Institutions: University of Notre Dame.
The zebrafish model has emerged as a relevant system to study kidney development, regeneration and disease. Both the embryonic and adult zebrafish kidneys are composed of functional units known as nephrons, which are highly conserved with other vertebrates, including mammals. Research in zebrafish has recently demonstrated that two distinctive phenomena transpire after adult nephrons incur damage: first, there is robust regeneration within existing nephrons that replaces the destroyed tubule epithelial cells; second, entirely new nephrons are produced from renal progenitors in a process known as neonephrogenesis.
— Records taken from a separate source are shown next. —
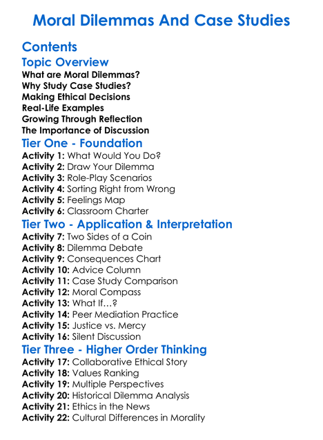 Moral Dilemmas And Case Studies Worksheet Activity Booklet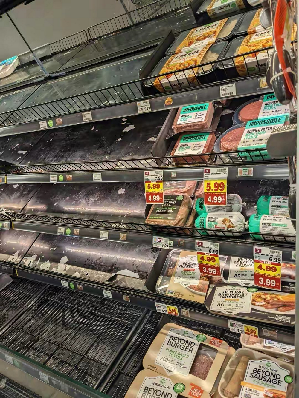 近日Reddit上有人分享了一个颇有意思的帖子——“暴风雪天气下,你会宁愿饿死也不吃人造肉”。配图上,超市货架的一边摆满了着各种品牌的人造肉,而另一边则被扫荡一空。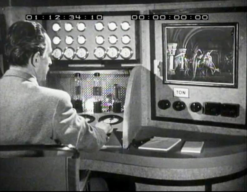 Eine junge Frau (Margot Hielscher) und ihre Begleiter – darunter der junge Architekt Robert (Albert Matterstock) – suchen in einem alten Gemäuer Schutz vor einem Gewitter und erleben allerlei Geistererscheinungen. Doch der SPUK IM SCHLOSS (1943-45/47) erweist sich als technische Konstruktion. Der vermeintliche Schlossherr ist ein geschickter Illusionist, der mithilfe von Infrarotstrahlen hologrammartige Bilder erzeugt, die gleichzeitig vertont werden. Am Ende des Films wird der Prozess der Ton-Bewegtbild-Produktion im Rahmen einer Theaterrevue vorgeführt. Der Film bedient sich hierbei verschiedener Überblendungseffekte aus der Frühzeit des Kinos und kombiniert sie mit Toneffekten, deren Erzeugung mithilfe der Darstellung eines Technikers am Mischpult sichtbar gemacht wird.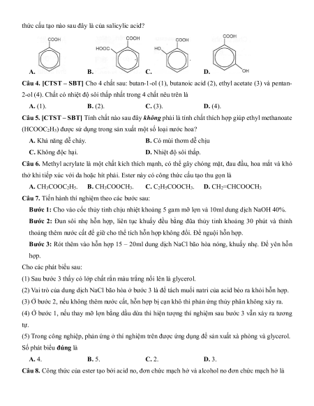 Câu 2. [CTST – SBT] Có bao nhiêu ester có công thức phân tử C4H8O2? A. 2. B. 3. C. 4. D. 5.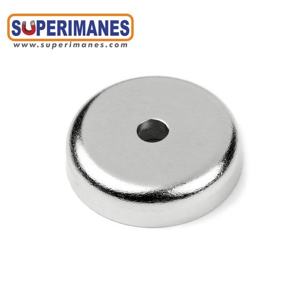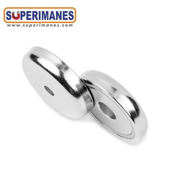Imanes de neodimio en recipiente con taladros cilíndricos para atornillar. Base magnética con forma redonda de diámetro 32 mm y altura 8 mm. Discos magnéticos de neodimio para atornillar con tornillos sin cabeza avellanada. Tienen fuerza de sujeción de 23 kilogramos aproximadamente. Imán redondo muy potente. Magnetizado en N38 axial. Imán embutido en un recipiente metálico con revestimiento de níquel. Temperatura máxima de servicio de 80º C. La pieza tiene un peso de 36 g.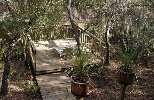 ¡La cabaña está ubicada en un área boscosa completamente nativa justo en el río withlacoochee! El río más pintoresco de Florida ... Actualizado una habitación un baño. Mobiliario de estilo misión elegante pero informal. Completamente amueblado para todas sus necesidades, ropa de cama, utensilios de cocina gourmet, microondas, estufa, refrigerador y toda la vajilla y vasos que pueda necesitar. Toda la propiedad está completamente cercada e incluso hay un paddock cercado por separado cerca de la cabaña, así que traiga a sus caballos para disfrutar de los senderos amigables para los caballos que comienzan en el camino ...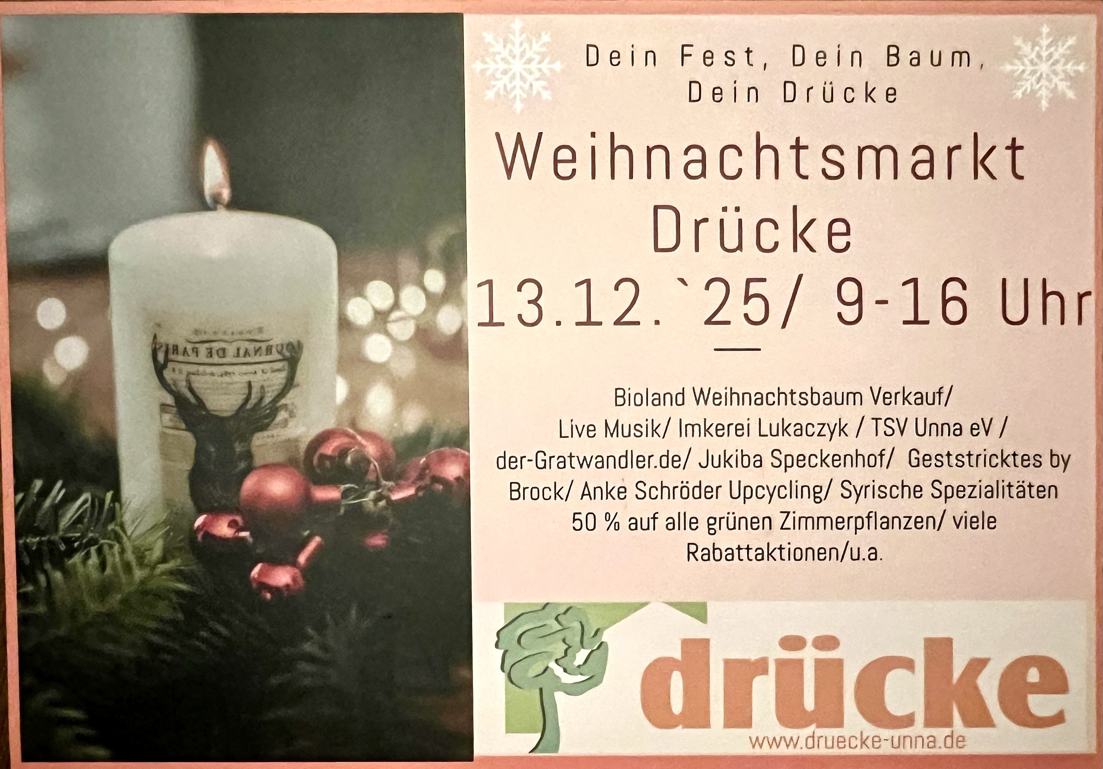 Wie jedes Jahr findet auf unserem Gelände der Bioland Weihnachtsbaumverkauf statt. Rund um den Verkauf veranstalten wir einen kleinen Weihnachtsmarkt bei dem sich gerne noch Aussteller/Innen mit ihren Produkten unter 02303 61717, anmelden können.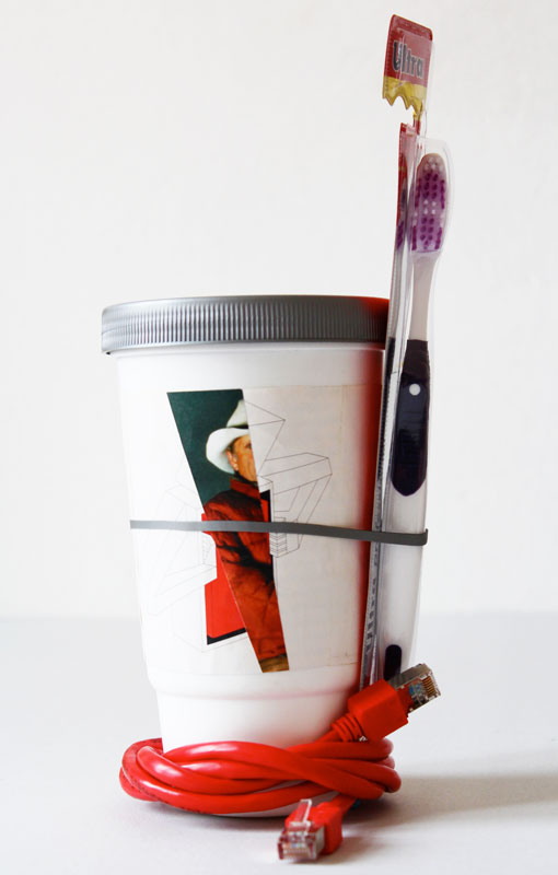 assemblage: ethernet cable, toothbrush, plastic shaker cup, paper, rubber band, 29x13x12 cm.
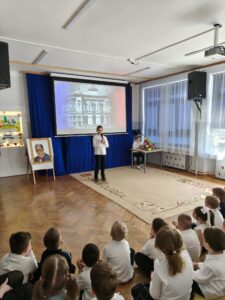 Uroczystość rozpoczęła się apelem przygotowanym przez uczniów klas IV–VI. Podczas występu uczniowie przybliżyli sylwetkę patrona, jego życie oraz twórczość, podkreślając znaczenie jego dorobku.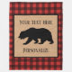 In the centre is a silhouette of a black bear with text templates above and below in black lettering so you can personalise. this image and text is inside a burlap square with a black border. The background pattern is a lumberjack red and black buffalo plaid.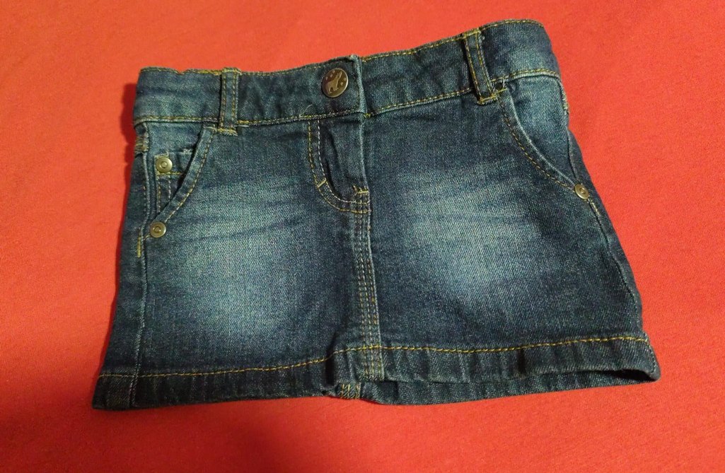 Koyu mavi düğmeli kot kumaştan yapılmış, kız çocukları için dar kesim etek. Desensiz ve günlük şıklık için uygun.

In contrast, humans and other mammals seem to have only a limited ability for nephron epithelial regeneration. To date, the mechanisms responsible for these kidney regeneration phenomena remain poorly understood. Since adult zebrafish kidneys undergo both nephron epithelial regeneration and neonephrogenesis, they provide an outstanding experimental paradigm to study these events. Further, there is a wide range of genetic and pharmacological tools available in the zebrafish model that can be used to delineate the cellular and molecular mechanisms that regulate renal regeneration. One essential aspect of such research is the evaluation of nephron structure and function. This protocol describes a set of labeling techniques that can be used to gauge renal composition and test nephron functionality in the adult zebrafish kidney. Thus, these methods are widely applicable to the future phenotypic characterization of adult zebrafish kidney injury paradigms, which include but are not limited to, nephrotoxicant exposure regimes or genetic methods of targeted cell death such as the nitroreductase mediated cell ablation technique. Further, these methods could be used to study genetic perturbations in adult kidney formation and could also be applied to assess renal status during chronic disease modeling.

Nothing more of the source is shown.